"Since that first game that got big ratings the average on Go has been closer to 30,000."
Yeah, this is hogwash. I've emailed Mediaweek and I've emailed TV Tonight and all the various places that usually compile ratings and none of them can actually nail down the 9Go ratings or find them, so I am pretty hesitant to believe a random anonymous account that doesn't name a source over the people whose job it is to know this stuff.
At best, you're confusing the 9Go numbers with the Fox Sports numbers, which have been between 33 (highest) and 26 (lowest) thousand views. And there is no question that it is going to do better on FTA than Fox Sports, even if people flick by by accident.
"At the HEIGHT of its Golden Age in the 1990's, When NBL players were household names, we had double the teams, FTA was the only game in town, and we had major investment and cross-promotion from Channel 10...
they STILL could not make it financially viable."

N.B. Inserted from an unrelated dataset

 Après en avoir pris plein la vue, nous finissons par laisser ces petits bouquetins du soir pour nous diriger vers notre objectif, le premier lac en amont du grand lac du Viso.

Umm, it was financially viable. It was doing just fine. Sure, some teams couldn't survive but that's a fact even for the AFL. But it wasn't until TV interest died in the ass around 2000 that the whole thing dropped.
"Even if we by into the infantile notion that "the NBL is better than it's ever been, ever", and that somehow LK can turn a profit on the telecasts,
WTF would you gamble the future of the league on that model?"

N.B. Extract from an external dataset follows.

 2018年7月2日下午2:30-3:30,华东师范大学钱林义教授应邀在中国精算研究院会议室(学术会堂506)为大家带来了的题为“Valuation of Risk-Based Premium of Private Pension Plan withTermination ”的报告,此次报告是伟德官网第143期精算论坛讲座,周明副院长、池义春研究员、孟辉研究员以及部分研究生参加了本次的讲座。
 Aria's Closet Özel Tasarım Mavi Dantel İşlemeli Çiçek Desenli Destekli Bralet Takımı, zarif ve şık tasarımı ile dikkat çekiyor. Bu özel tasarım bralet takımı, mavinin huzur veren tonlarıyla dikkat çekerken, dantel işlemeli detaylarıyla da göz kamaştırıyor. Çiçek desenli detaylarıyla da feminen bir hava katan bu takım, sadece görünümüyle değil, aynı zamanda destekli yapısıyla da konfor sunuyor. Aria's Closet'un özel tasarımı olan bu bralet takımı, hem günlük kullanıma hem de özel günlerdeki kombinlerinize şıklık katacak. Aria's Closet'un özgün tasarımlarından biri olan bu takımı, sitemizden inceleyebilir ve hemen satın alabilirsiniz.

AFL is relying mainly on telecasts. Would you say they're "gambling their future"? What a ridiculous thing to say.
"Especially when it clearly in direct opposition to what LK is trying to establish?
What exactly about the current structure of the league could possible induce you into thinking LK wants a pissant league supported by a few crumbs from Channel nine?""
A few crumbs from Channel Nine? You mean potentially tens of millions by the end of the three year deal, vs the LITERALLY NOTHING the league is making at the moment, relying almost entirely on crowds alone? What you forget is that for the past few years the NBL has been getting great crowds, and those great crowds have not led to this sustainability so it's bizarre to me that you think suddenly they will, just because ONE team - Perth - was able to do it, in a city that has a massive arena they can fill.
" Even if you could get a TV deal that supported the league, you'd risk losing the whole league when it periodically dried up."
Risks. They exist. They exist even if we only concentrated on bums on seats. Deal with it. Some big sporting team from another league could pop up in Perth and completely destroy the Wildcats. An asteroid could hit tomorrow.
"sn't that exactly what he is doing with the Brisbane Bullets? They're pretty much the GSW Giants of the NBL right now. They don't exist due to local fan demand or because they're a profitable entity, they exist because the league created them for bigger picture, league-wide reasons. "
Bingo. The sole, and only reason Brisbane exists is for sponsorship dollars and TV opportunities. That is it.